Panel Paper:
Can the Elimination of Aid Towards For-Profit Colleges Shift Student Enrollment? California as Case Study
*Names in bold indicate Presenter
We utilize a difference-in-difference strategy to causally estimate the policy’s impact on student outcomes. The treatment group consists of students who listed a regulated for-profit institution on their FAFSA, with control students being those who do not list for-profits and are unaffected by the policy shift. FAFSA preferences are exogenous to the policy change as they occurred after students were required to submit the FAFSA by the March 2nd deadline. We use individual-level data containing administrative records on Cal Grant payments and postsecondary attendance records from National Student Clearinghouse (NSC) data to estimate matriculation and completion effects (Cal Grant payment data allow us to estimate which for-profit institutions reliably report attendance to NSC data).
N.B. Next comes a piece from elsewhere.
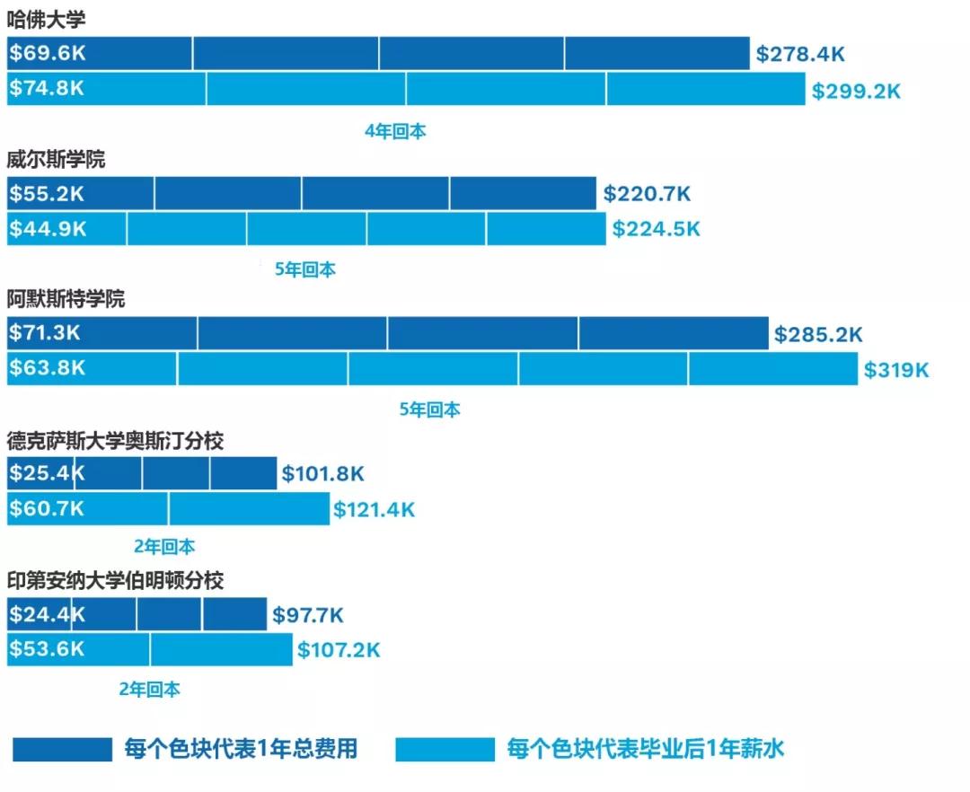 从上图可以看出,哈佛大学一年总费用6.96万美元(含学费及其他杂项),毕业生平均年薪7.48万美元,要不吃不喝工作4年才能回本。 阿默斯特学院一年总费用7.13万美元,毕业生平均年薪仅为6.38万美元,要工作5年才能回本。 而公立大学则实惠得多,教学质量和毕业生年薪都不输私立精英学校,仅需两年即可回本。

We find that the policy had its intended effect, decreasing aid payments at for-profit institutions by 30 percentage points for traditional high school graduates and 70 percentage points for non-traditional students, who apply under a separate program. Students who did not list for-profits or listed a for-profit unaffected by the policy were not impacted.
NSC data show that for-profit attendance among traditional students declined by roughly 10 percentage points, with roughly half of these students switching into community colleges. Associate degree completion declined roughly eight percentage points in for-profits, with no evidence of increases in community college associate degrees within four years. Older, non-traditional students exhibited more inelastic demand, with a drop in for-profit attendance of only 5 percentage points (off a baseline close to 80 percent), and much larger declines of 11 percentage points in associate degree completion. We find no evidence of substitution into four-year colleges for either group, though negative impacts on bachelor’s degree completion for non-traditional students in for-profit colleges. Overall, we find limited evidence that for-profit students shift enrollment toward alternative postsecondary sectors. Accordingly, policymakers looking to divert prospective students away from poorly performing for-profits should consider aid restriction’s potentially limited role.